┌─ DATA SUPPLIED
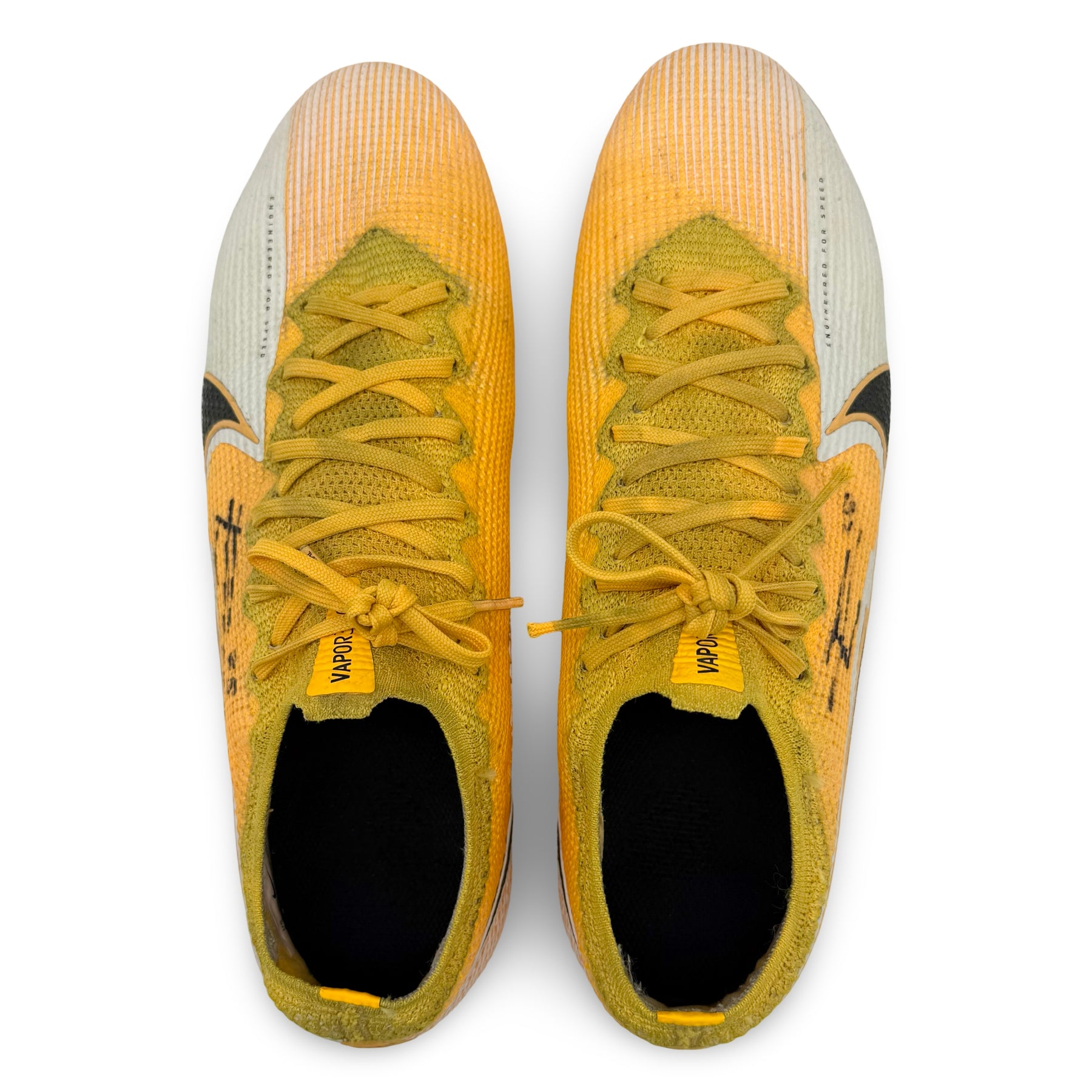Match-worn & player-issued boots are preserved in their authentic condition, including natural signs of professional use.
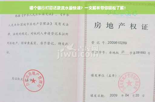 摘要:本文旨在解析哪个银行打印还款流水最快速。文章通过对比分析不同银行的打印流程、时间成本等因素,帮助读者了解各银行打印还款流水的速度和效率。阅读本文,您将了解到哪些银行在打印还款流水方面表现最出色,为您的财务事务提供便利。
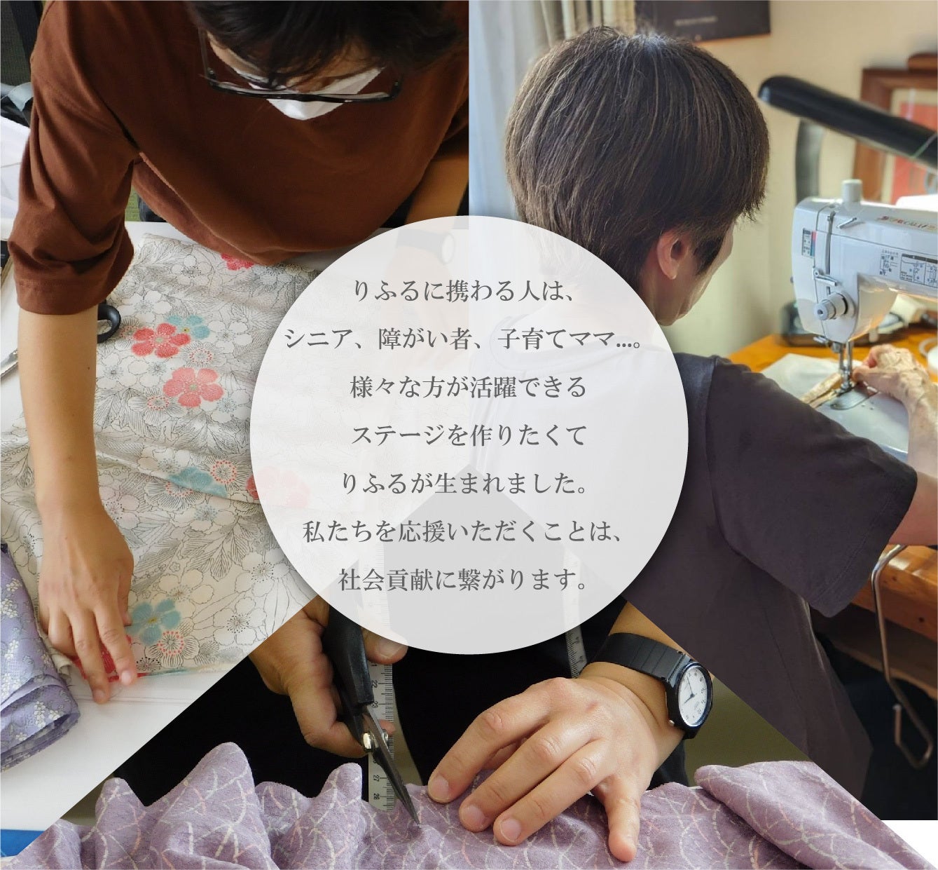 着物を手放した人も、新たな着物作品を手にした人も、みんなが明るく前向きな気持ちになれるように社会貢献したいと思いりふるが誕生しました。
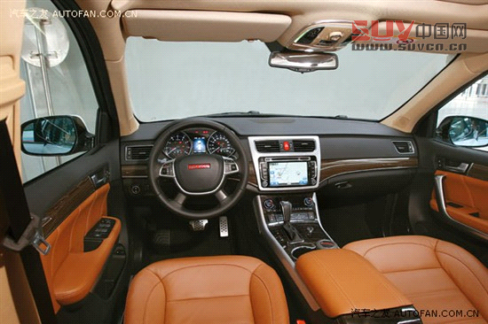 既然定位明確為中高端SUV,豐富的配置和豪華內飾就是必不可缺的。新車在內飾上走主流歐系豪華車的設計風格,并采用上深下淺的顏色搭配。在H8的試裝車上,目前我們看到內飾有淺黃和棕黃兩種。儀表盤的設計比較運動,為雙炮筒式,并匹配冷光可調節背景燈,中間的液晶屏很實用,可顯示多種行車提示信息。四輻多功能方向盤便利性非常高,音響控制和藍牙電話等常用功能都被設置在上面,并且為了增強駕駛樂趣,H8還配有換擋撥片。
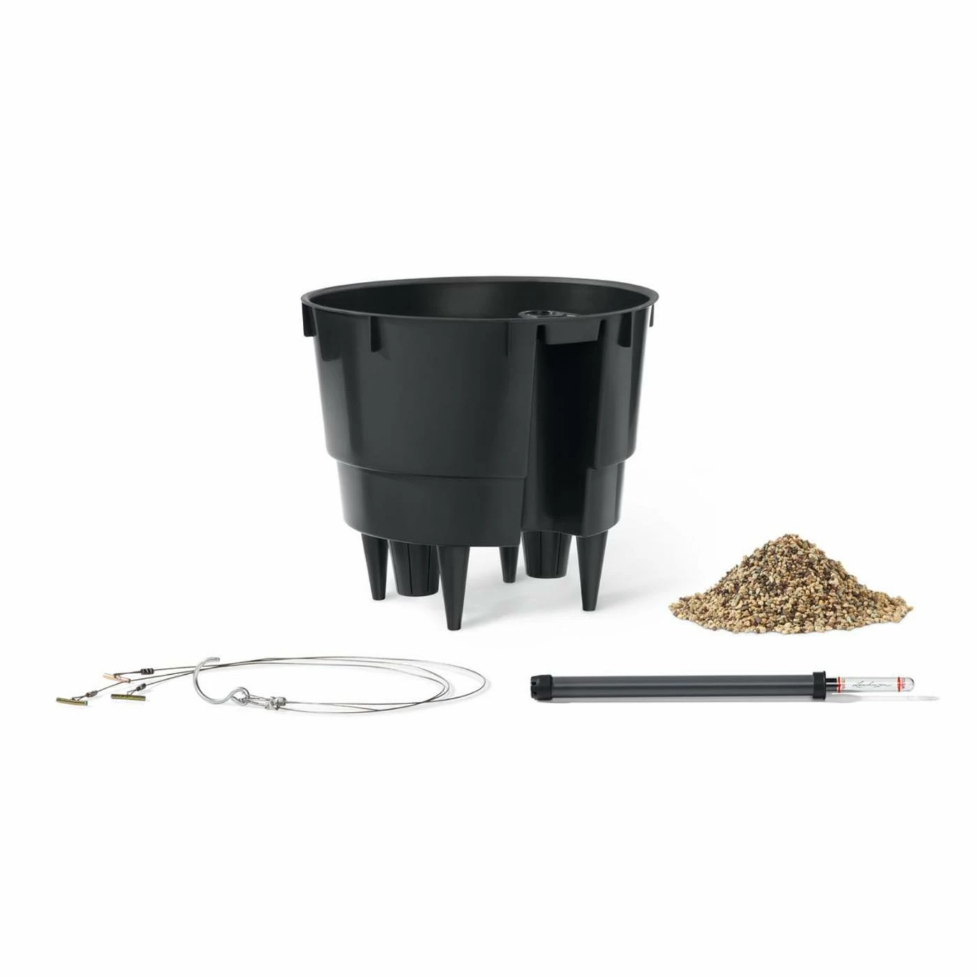 This modern, cube-inspired planter uses a self-watering, sub-irrigation system to nourish your plant. The included separator piece forms a reservoir in the base of the removable planter liner. A supply shaft with water level indicator runs along the inside edge of the liner, making it easy to add water and liquid fertilizer while maintaining complete watering control. A layer of LECHUZA-PON granulate drainage material lies on top of the separator and regulates the amount of water your plant receives – no more rotten roots!
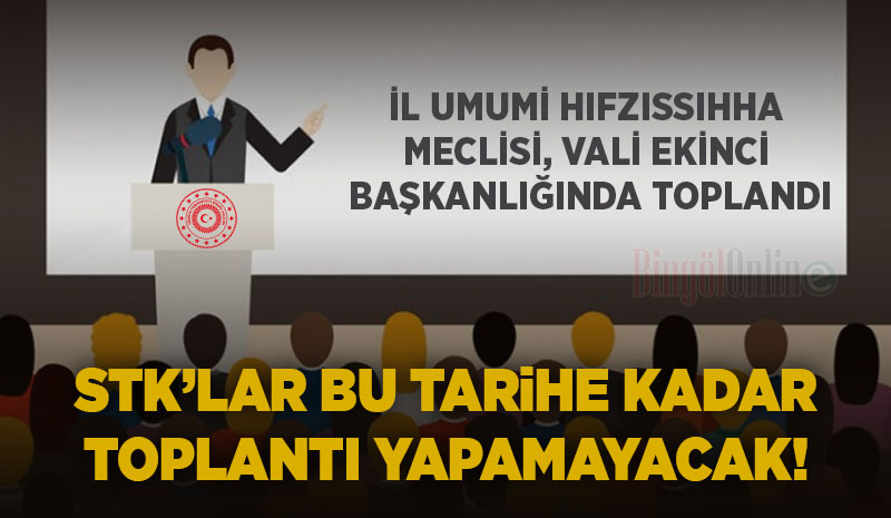 Bingöl İl Umumi Hıfzıssıhha Meclisi, Vali Kadir Ekinci başkanlığında toplandı. Toplantıda, sivil toplum kuruluşları, kamu kurumu niteliğindeki meslek kuruluşları ve üst kuruluşları, birlikler ve kooperatifler tarafından düzenlenecek etkinliklerin (genel kurul toplantıları dahil) 01.03.2021 tarihine kadar ertelenmesi kararı alındı.
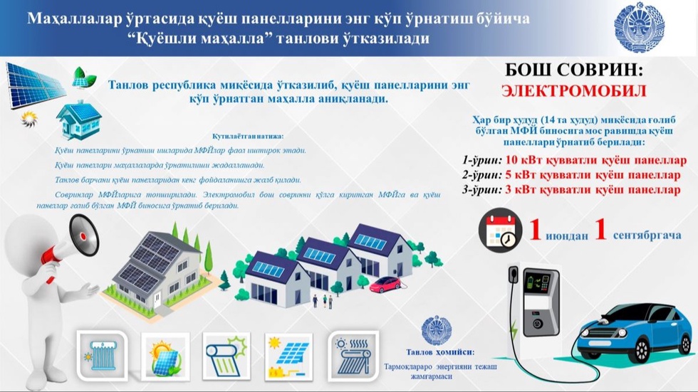 3-ўрин – қуввати 150 кВтдан кам бўлмаган қуёш панелларини биринчилардан бўлиб ўрнатган ҳамда ҳудудий электр тармоғига уланиб, ишлаб турган маҳалла (қишлоқ, овул) фуқаролари йиғинлари орасидан.
└─
• WORK REQUIRED
Your task is to restate every record word for word. Omit all pictures.

• RESPONSE AREA
Match-worn & player-issued boots are preserved in their authentic condition, including natural signs of professional use.
 摘要:本文旨在解析哪个银行打印还款流水最快速。文章通过对比分析不同银行的打印流程、时间成本等因素,帮助读者了解各银行打印还款流水的速度和效率。阅读本文,您将了解到哪些银行在打印还款流水方面表现最出色,为您的财务事务提供便利。
 着物を手放した人も、新たな着物作品を手にした人も、みんなが明るく前向きな気持ちになれるように社会貢献したいと思いりふるが誕生しました。
 既然定位明確為中高端SUV,豐富的配置和豪華內飾就是必不可缺的。新車在內飾上走主流歐系豪華車的設計風格,并采用上深下淺的顏色搭配。在H8的試裝車上,目前我們看到內飾有淺黃和棕黃兩種。儀表盤的設計比較運動,為雙炮筒式,并匹配冷光可調節背景燈,中間的液晶屏很實用,可顯示多種行車提示信息。四輻多功能方向盤便利性非常高,音響控制和藍牙電話等常用功能都被設置在上面,并且為了增強駕駛樂趣,H8還配有換擋撥片。
 This modern, cube-inspired planter uses a self-watering, sub-irrigation system to nourish your plant. The included separator piece forms a reservoir in the base of the removable planter liner. A supply shaft with water level indicator runs along the inside edge of the liner, making it easy to add water and liquid fertilizer while maintaining complete watering control. A layer of LECHUZA-PON granulate drainage material lies on top of the separator and regulates the amount of water your plant receives – no more rotten roots!
 Bingöl İl Umumi Hıfzıssıhha Meclisi, Vali Kadir Ekinci başkanlığında toplandı. Toplantıda, sivil toplum kuruluşları, kamu kurumu niteliğindeki meslek kuruluşları ve üst kuruluşları, birlikler ve kooperatifler tarafından düzenlenecek etkinliklerin (genel kurul toplantıları dahil) 01.03.2021 tarihine kadar ertelenmesi kararı alındı.
 3-ўрин – қуввати 150 кВтдан кам бўлмаган қуёш панелларини биринчилардан бўлиб ўрнатган ҳамда ҳудудий электр тармоғига уланиб, ишлаб турган маҳалла (қишлоқ, овул) фуқаролари йиғинлари орасидан.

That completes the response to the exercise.